§ DATA IN THIS EXERCISE:
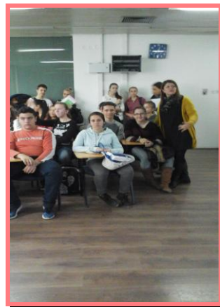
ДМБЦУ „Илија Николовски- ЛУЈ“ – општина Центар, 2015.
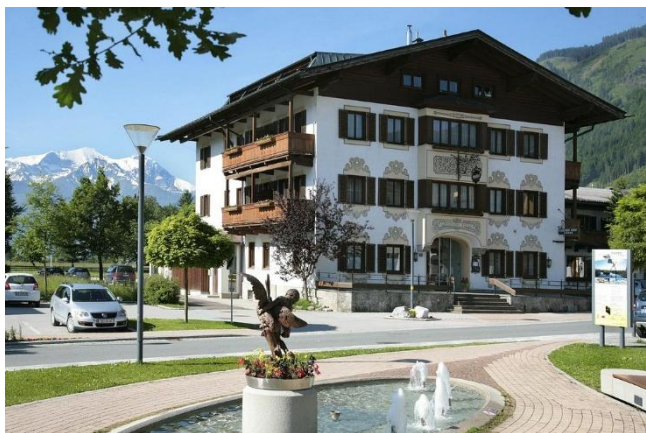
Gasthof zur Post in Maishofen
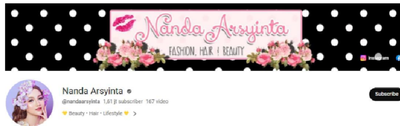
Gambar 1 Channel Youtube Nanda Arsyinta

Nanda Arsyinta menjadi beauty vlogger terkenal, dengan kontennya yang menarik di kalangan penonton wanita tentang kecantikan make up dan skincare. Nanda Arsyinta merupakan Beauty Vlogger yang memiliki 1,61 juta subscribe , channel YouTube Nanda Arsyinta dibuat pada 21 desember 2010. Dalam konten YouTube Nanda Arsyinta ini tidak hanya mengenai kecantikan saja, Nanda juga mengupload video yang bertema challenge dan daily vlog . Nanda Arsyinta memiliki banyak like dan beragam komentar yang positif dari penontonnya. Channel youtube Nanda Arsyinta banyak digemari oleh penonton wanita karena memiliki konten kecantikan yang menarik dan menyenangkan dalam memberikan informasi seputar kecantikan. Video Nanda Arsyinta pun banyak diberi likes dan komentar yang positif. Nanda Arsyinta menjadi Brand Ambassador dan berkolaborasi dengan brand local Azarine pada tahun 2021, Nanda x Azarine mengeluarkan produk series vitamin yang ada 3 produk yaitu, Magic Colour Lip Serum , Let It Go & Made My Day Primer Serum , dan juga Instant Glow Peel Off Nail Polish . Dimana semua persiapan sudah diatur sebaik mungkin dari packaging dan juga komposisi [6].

--

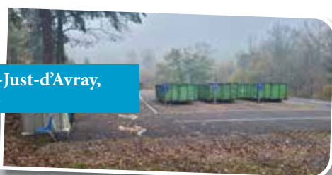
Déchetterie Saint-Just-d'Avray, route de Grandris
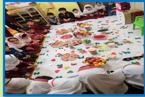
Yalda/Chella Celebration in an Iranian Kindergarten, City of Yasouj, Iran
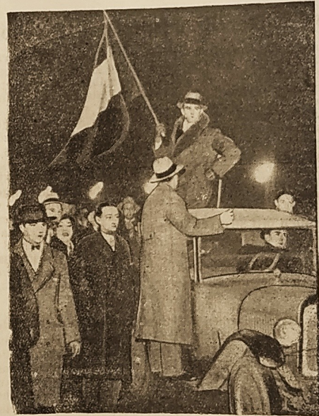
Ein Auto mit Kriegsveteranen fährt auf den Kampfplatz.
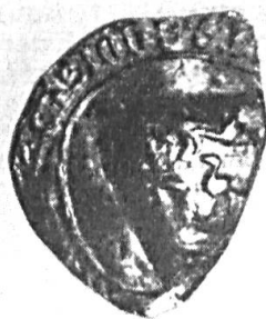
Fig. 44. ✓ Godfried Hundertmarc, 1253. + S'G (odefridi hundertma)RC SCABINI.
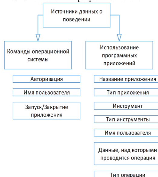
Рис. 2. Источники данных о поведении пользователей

§ TASK TO COMPLETE: Taking the material above, give again exactly the lines from the one holding "општина Центар, 2015." through the one holding "Gambar 1 Channel Youtube Nanda Arsyinta", with both ends and without pictures.

§ SOLUTION TO THIS TASK:
ДМБЦУ „Илија Николовски- ЛУЈ“ – општина Центар, 2015.
Gasthof zur Post in Maishofen
Gambar 1 Channel Youtube Nanda Arsyinta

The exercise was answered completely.